Hiram and Jane marry. Even though Hiram's inventions are only marginally profitable, the couple is happy. Jane gives birth to a son, Percy, whom Hiram raises in an unusual, freestyle manner to encourage his creativity and confidence. With Jane's constant encouragement, Hiram finally begins inventing things which meet practical needs and bring in a sizable income. A local organization decides to honor Hiram for his inventions by asking him to sit for a portrait. Hiram refuses. Jane, pregnant with a second child, hires the eccentric artist Magel to paint the portrait anyway. Shortly thereafter, Percy tries to be amusing by adorning his dog Skipper with a baby bonnet, which Jane had received as a gift for the expected new arrival. When Percy and his mother chase the dog to retrieve the bonnet, Jane moves a piece of furniture and jeopardizes her pregnancy. Her physician fears she may lose the baby and her life, and Percy feels extremely guilty, thinking he has caused his mother to nearly die. Jane does recover and gives birth to a healthy son. An ecstatic Hiram has the entire family sit for Magel and a portrait.

==Cast==
- Myrna Loy as Jane Budden Maxim
- Don Ameche as Hiram Stephens Maxim
- Rhys Williams as Magel
- Bobby Driscoll as Percy Maxim
- Richard Gaines as Mr. Josephus Ford
- Molly Lamont as Cousin Garnet Allison
- Sarah Padden as Bridget
- Renie Riano as Emily
- Clara Blandick as Mrs. Meade
- Howard Freeman as Willis
- John Gallaudet as Theodore Allison
- Pierre Watkin as Committee Man (uncredited)

== Production notes ==
The music in the film was composed by Hans J. Salter.

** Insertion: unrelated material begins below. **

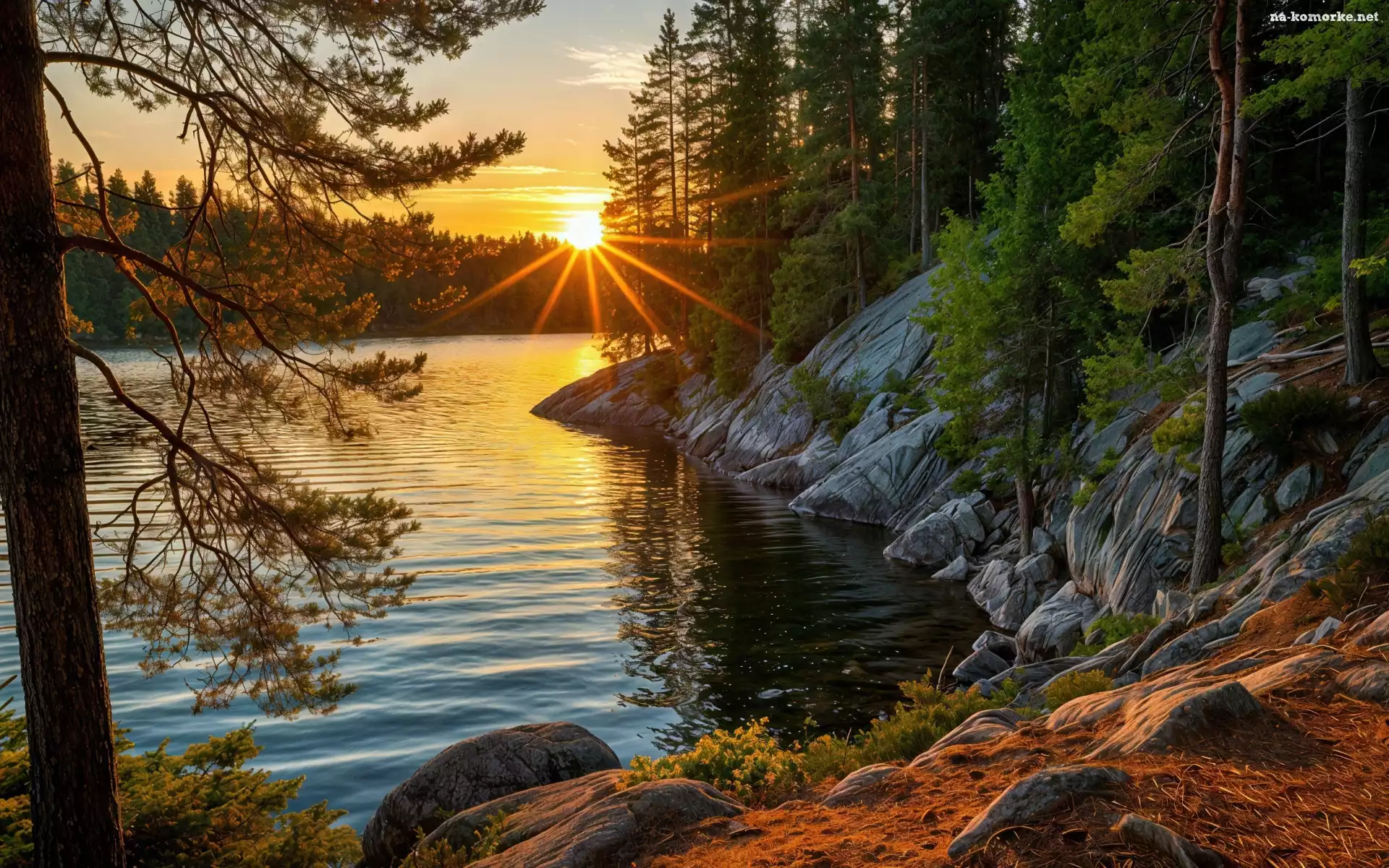 Las, Drzewa, Skały, Jezioro, Zachód słońce na Komórkę

The Universal Studios backlot was used for the wagon ride scene.

The house facades used in the film were built on Universal's Stage 12. In 1950, two of these facades were moved from Stage 12 to Universal's new backlot set, named Colonial Street. The "Maxim House" was later used for the television series The Munsters. The "Maxim House" was also used in the movie One Desire (1955), while the "Allison House" was used in the movie Harvey (1950). The "Harvey House" was also used for the film The Ghost and Mr. Chicken (1966). Colonial Street was renamed Wisteria Lane when production on the television series Desperate Housewives began: the "Harvey House" is 4349 Wisteria Lane, and the "Munster House" is 4351 Wisteria Lane.